I am working on a program that uses vectors. So the first thing I did was declare my vector.
std::vector<double> x;
x.reserve(10)
(BTW, is this also considered bad practice? Should I just type std::vector<double> x(10)?)
Then I proceeded to assign values to the vector, and ask for its size.
for (int i=0; i<10; i++)
{
x[i]=7.1;
}
std::cout<<x.size()<<std::endl;
I didn't know it would return 0, so after some searching I found out that I needed to use the push_back method instead of the index operator.
for (int i=0; i<10; i++)
{
x.push_back(7.1);
}
std::cout<<x.size()<<std::endl;
And now it returns 10.
So what I want to know is why the index operator lets me access the value "stored" in vector x at a given index, but wont change its size.
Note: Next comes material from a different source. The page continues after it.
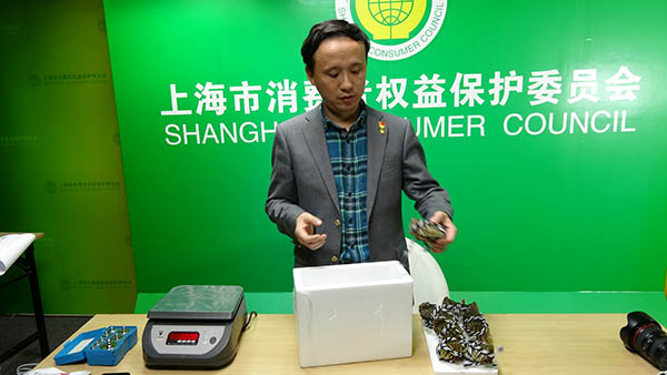 2017年网购大闸蟹券消费体察,消保委工作人员为样品称重。 本文图片均为上海市消保委秘书处 供图

Also, why is this bad practice?
It sounds like you're asking why things are the way they are. Most of it is down to efficiency.
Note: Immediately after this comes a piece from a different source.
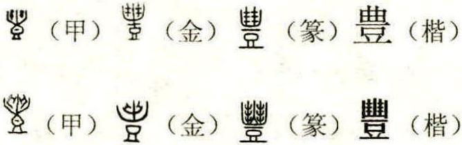 “豊”與“豐”,都是由“壴”組構起來的造字,故在釋“豊”、“豐”以前先得把“壴”再做幾句重復❶。 “壴”甲骨文作“ ”,金文作“ ”,小篆作“ ”,本是“屮”與“豆”的結合體。“屮”是女陰,“豆”是男陽❷,“壴”的表意應該是充漲起來的男根,故給“壴”賦音為“柱”。 “柱”一具豎起之意,二還是炎帝之孫,南方炎帝之祖名。炎帝之孫名柱兒,至今秦晉人給女兒找對象,仍稱“尋柱兒”,這是因為炎帝時代,在關中西部渭河兩岸,曾經發生過柱兒和姬羅一段愛情故事。 “壴”的出現及其賦音,是遠古時代祖先崇拜的產物,就像把“ ”(且)供奉起來頂禮膜拜。於是,許慎就釋:“陳樂立而上見也”,朱駿聲《通訓定聲》也釋:“為人所崇仰者皆曰壴,古以主為之”。“壴”是豊、豐的骨骼。理解了“人所崇仰”的“壴”,對於理解“豊”與“豐”這兩個維妙的造字就容易得多了。 為了方便起間,我們先釋“豐”。 甲骨文的“豐”( ,第一期字形),是給“壴”上放置兩個“ ”(亡)字的組字。“豐”是甚麼? 《儀禮·鄉射禮》中有一段敘述,可以回答這個問題: “司射適堂西,命弟子設豐。弟子奉豐昇,設於西楹之西,乃降。勝者之弟子洗觶,昇酌,南面坐奠於豐上……” 這裏不僅說明豐是放置酒具的盤子,而且敘述了酒文化中“罰酒”的一般過程。既然“豐”是放置酒具的盤子,為甚麼上鑲嵌兩個“亡”字呢?“亡”在甲骨文時代是有無之“無”的意思,《古經解鉤沉》有這樣一段交代:“豐,國名,其君坐酒亡國,戴杆以為戒”,這就把問題說清楚了。喔,原來豐國之君坐酒失國,鑲嵌二“亡”是為了警戒人君,還帶有某些懲罰的意味。 豐,殷墟卜辭用作: (1)人名,“壬子婦豐示二屯。” (2)地名,“王在豐貞。” 金文的豐( ),與甲骨文“ ”無別。小篆作“ ”,作者大概以附會為“亡”麥芒,故訛變成了兩個麥穗的形狀。楷書的“豐”又將麥穗形狀改為兩個“丰”;“壴”的原形被斷成兩截。 “豐”的本意是古代放置酒具的托盤,《儀禮·公食大夫禮》:“飲酒實于觶,加于豐”,說的就是它的本意。從本意引伸有: (1)富饒,《詩經·周頌·豐年》:“豐年多黍多稌,亦有高廩,萬億及秭。” (2)茂盛,《詩經·小雅·湛露》:“湛湛露斯,在彼豐草。” (3)充實,《戰國策·秦》一:“毛羽不豐滿者不可以高飛。” (4)盛大,《易經·豐》:“豐,大也。” (5)國名,《竹書紀年》下:“(成王)十九年,王巡狩侯甸方岳……遂正百官,黜豐侯。”看來成王所黜之豐侯,並非上述“其君坐酒亡國”之國,可能另有他指。 (6)地名,豐縣,屬今江蘇轄;豐臺,在今北京市。 (7)都邑,《詩經·大雅·文王有聲》:“既伐於崇,作邑於豐。”豐在今西安市灃東區。 “豐”還孳乳了以下漢字: “豐”、酆(邑)、灃(水)本為一字。隨著“豐”的意域擴大,意寓延伸,為了表意上的準確無誤,分別增加“邑”和“水”的形符。這就是漢字在發展過程中不斷繁化的內在規律,並非像有些人所說的“簡化是漢字發展的規律”。 酆,周文王、周武王在“豐”的都邑,故址在今西安市灃東區灃水東西兩岸。 灃,水名,出自西安終南山峪。灃水之西為灃京,文王都邑;灃水之東為鎬京,武王都邑。 豔(艷):從盍(色)。盍有覆蓋之意。“豐”可覆壓世俗的華麗、光彩、美好。晉·張協《七命》詩句:“流綺星連,浮彩豔發。” 《說文》:“豐,豆之豐滿者也。從豆,象形。”釋義說得過去,析形有誤。 在這裏有必要再連綴一個古字“丰”。 “丰”甲骨文作“ ”,金文作“ ”,小篆作“ ”。“丰”(ㄈㄥ)《說文》釋:“草盛丰丰也。從生上下達也。”許慎與其說“草盛丰丰也”,不如說“樹木丰丰也”,因為“丰”是表意樹木的。我國春秋以前的墓葬原則是“不封不樹”,就是說既不封成土堆,也不在土堆上栽植樹木,以樹立標誌,其實這個“封”就是樹立的“樹”,從甲骨文到小篆都是一棵樹木的造字,許慎說“從生上下達也”是對的。 我們現在所謂的“封建”,就是西周初期的“封土建邦”,而“邦”(金文作“ ”)就是周天子樹起之邑,或者說是諸侯拿上“丰”去建立自己的邦邑。再深一點說,諸侯(“夂”腳)一旦踏上這個“丰”,便可“逢”兇化吉,登“峰”造極,和“鋒”芒畢露了。楷書的“丰”,也有字理:它是由四個陽爻穿插組構而成,或者說是“ㄧ”(時間符號)對“☰”(乾)的三通,這都是對人生命力的張揚。 “丰”的本意是樹的形象的樹立,引伸有: (1)體態豐滿,《詩經·鄭風·丰》:“子之丰兮,俟我乎巷兮。” (2)風度神采,清·江藩《漢學師承記朱筠》:“天下士仰慕丰采,望風景附。” (3)姿態美好,《太平廣記·紀聞》:“有貴主,年二十餘,丰姿絕世。” (4)雍容華麗,南朝·謝靈運詩句:“解作竟何感,升長皆丰容。”(《於南山往北山經湖中瞻眺》) (5)豐盛茂密,漢·司馬相如《長門賦》:“羅丰茸之遊樹兮,離樓梧而相撐。” 概而言之,“豐”是植物自然生命的茂盛;“丰”是人的自然生命和精神生命的旺盛,“豐”和“丰”原則上說是有區別的。但是,如今“丰”作“豐”的簡化體也不是不可以的,而“沣”、“艳”都改過來了,就是這個“酆”一改就變成“邦”了,這是“系統”出了問題,牽一髮動全身,怎一個“規範”了得! “豊”自丰、豐中孕育,從人類進化中走來,也是人性升華的反映。 現在釋“豊”。 在釋“豊”之前,先將荀子《禮論篇》中的一

If x[i] were to create value if it didn't already exist, there would be two hits to efficiency. First, the caller of indexing operations should ensure the index is not beyond the current size of the vector. Second, the new element would need to be default constructed even if you're about to assign a new value into it anyway.
The reason for having both reserve and resize is similar. resize requires a default construction of every element. For something like vector<double> that doesn't seem like a big deal, but for vector<ComplicatedClass>, it could be a big deal indeed. Using reserve is an optimization, completely optional, that allows you to anticipate the final size of the vector and prevent reallocations while it grows.
push_back avoids the default construction of an element, since the contents are known, it can use a move or copy constructor.
None of this is the wrong style, use whatever's appropriate for your situation.